Yeah, I think we were trying to have @lazy_broadcasted always return a broadcasted object (https://github.com/CliMA/LazyBroadcast.jl/issues/8), but it might be better to just have it return the object in that case

charleskawczynski commented 3 days ago

I think it was previously erroring

MasonProtter commented 3 days ago

If you do want it to always return a Broadcasted object, I guess you could do

macro lazy_broadcasted(expr)
    quote
        res = LB.lazy.($(esc(expr)))
        if res isa Broadcast.Broadcasted
            res
        else
            broadcasted(identity, res)
        end
    end
end
charleskawczynski commented 3 days ago

I think I'm fine with returning the identity, it's not really an issue.

For the @lazy_broadcasted returning an expression, it's not really returning what I want:

julia> bce = LB.lazy_broadcasted_expression(:(@. a + b))
:(#= REPL[25]:1 =# @__dot__ a + b)

I'd like it to return

julia> bce = LB.lazy_broadcasted_expression(:(@. a + b))
:(Base.broadcasted(+, a, b))

or a Broadcasted object. I guess it maybe can't do the Broadcasted object, since that relies on dispatch, but Base.broadcasted should be possible

charleskawczynski commented 3 days ago

I think I've only used this feature once before.

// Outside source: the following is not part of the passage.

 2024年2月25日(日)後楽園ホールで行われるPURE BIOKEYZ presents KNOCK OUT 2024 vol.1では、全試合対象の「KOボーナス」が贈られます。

I'll leave it in, but replace the core implementation.

charleskawczynski commented 3 days ago

Alright, I'm passing all of the tests now except for the in-place case: bco = LB.@lazy_broadcasted @. c += a + b, which I can't seem to catch in Base.Broadcast.materialize!(_, x::LazyBroadcasted) = Base.Broadcast.instantiate(x.value). Thoughts?

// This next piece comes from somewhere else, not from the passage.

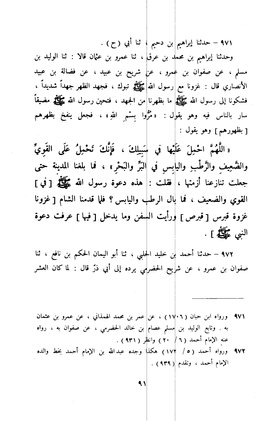 971 - حَدَّثَنَا إِبْرَاهِيمُ بْنُ دُحَيْمٍ، ثَنَا أَبِي، حَ، وَحَدَّثَنَا إِبْرَاهِيمُ بْنُ مُحَمَّدِ بْنِ عِرْقٍ، ثَنَا عَمْرُو بْنُ عُثْمَانَ، قَالَا: ثَنَا الْوَلِيدُ بْنُ مُسْلِمٍ، عَنْ صَفْوَانَ بْنِ عَمْرٍو، عَنْ شُرَيْحِ بْنِ عُبَيْدٍ، عَنْ فَضَالَةَ بْنِ عُبَيْدٍ الْأَنْصَارِيِّ، قَالَ: غَزَوْنَا مَعَ رَسُولِ اللَّهِ صَلَّى اللهُ عَلَيْهِ وَسَلَّمَ تَبُوكَ , فَجَهَدَ الظَّهْرُ جَهْدًا شَدِيدًا , فَشَكَوْنَا إِلَى رَسُولِ اللَّهِ صَلَّى اللهُ عَلَيْهِ وَسَلَّمَ مَا بِظَهْرِنَا مِنَ الْجَهْدِ , فَتَحَيَّنَ رَسُولُ اللَّهِ صَلَّى اللهُ عَلَيْهِ وَسَلَّمَ مَضِيقًا سَارَ بِالنَّاسِ فِيهِ وَهُوَ يَقُولُ: «مُرُّوا بِسْمِ اللَّهِ» فَجَعَلَ يَنْفُخُ بِظَهْرِهِمْ [بِظُهُورِهِمْ] وَهُوَ يَقُولُ: §«اللَّهُمَّ احْمِلْ عَلَيْهَا فِي سَبِيلِكَ , فَإِنَّكَ تَحْمِلُ عَلَى الْقَوِيِّ وَالضَّعِيفِ , وَالرَّطْبِ وَالْيَابِسِ , فِي الْبَرِّ وَالْبَحْرِ» , فَمَا بَلَغْنَا الْمَدِينَةَ حَتَّى جَعَلَتْ تُنَازِعُنَا أَزِمَّتَهَا , فَقُلْتُ هَذِهِ دَعْوَةُ رَسُولِ اللَّهِ صَلَّى اللهُ عَلَيْهِ وَسَلَّمَ [فِي] الْقَوِيِّ وَالضَّعِيفِ , فَمَا بَالُ الرَّطْبِ وَالْيَابِسِ؟ فَلَمَّا قَدِمْنَا الشَّامَ غَزَوْنَا غَزْوَةَ قُبْرُسَ قُبْرُصَ وَرَأَيْتُ السُّفُنَ وَمَا يَدْخُلُ [فِيهَا] عَرَفْتُ دَعْوَةَ النَّبِيِّ صَلَّى اللهُ عَلَيْهِ وَسَلَّمَ

charleskawczynski commented 3 days ago

Basically, the test I would like to work is:

a = rand(3, 3)
b = rand(3, 3)
c = rand(3, 3)

bco = LB.@lazy_broadcasted @. c += a + b
@test bco == Base.broadcasted(+, c, Base.broadcasted(+, a, b))
MasonProtter commented 3 days ago

Hm, I think I'd call that a bug in LB, since that's not matching the semantics of broadcasting.

@. c += a + b

should be mutating c, not producing Base.broadcasted(+, c, Base.broadcasted(+, a, b)).

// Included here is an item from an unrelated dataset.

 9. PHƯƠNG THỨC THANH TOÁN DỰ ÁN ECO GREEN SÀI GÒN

MasonProtter commented 3 days ago

disappointingly, I don't think there's a way for lazy.( a .= b) to get rid of the materialize! since there's an unconditional materialize!, so that case may need a macro.

charleskawczynski commented 3 days ago

Hm, I think I'd call that a bug in LB, since that's not matching the semantics of broadcasting.

@. c += a + b

should be mutating c, not producing Base.broadcasted(+, c, Base.broadcasted(+, a, b)).

Well, I'd argue it's not technically a bug, that's the broadcasted object that would be passed to materialize!(c, bc::Base.Broadcasted), but I agree that it doesn't match broadcasting semantics.

I don't think we strictly need this, but I'm also not sure I have the bandwidth to change the syntax everywhere we would need to make those changes.

If your dependence on DontMaterialize.jl is time-sensitive, I suggest continuing with registration.

In the mean time, I'm happy to update LB.jl to include instantiate calls.

MasonProtter commented 3 days ago

Well, I'd argue it's not technically a bug, that's the broadcasted object that would be passed to materialize!(c, bc::Base.Broadcasted), but I agree that it doesn't match broadcasting semantics.

Yeah, it's only a bug if you want it to match broadcast semantics. But I would usually hope that materialize(@lazy $expr) should typically be identical to just running $expr otherwise things become quite tricky to reason about.

If your dependence on DontMaterialize.jl is time-sensitive, I suggest continuing with registration.

I think I'll register it but put a not in the README pointing people to this package as well. It might be beneficial to have the two different choices out there for people.

In the mean time, I'm happy to update LB.jl to include instantiate calls.

Yeah, I think that should solve any performance issues and put the two on the same footing other than some syntactic / semantic differences.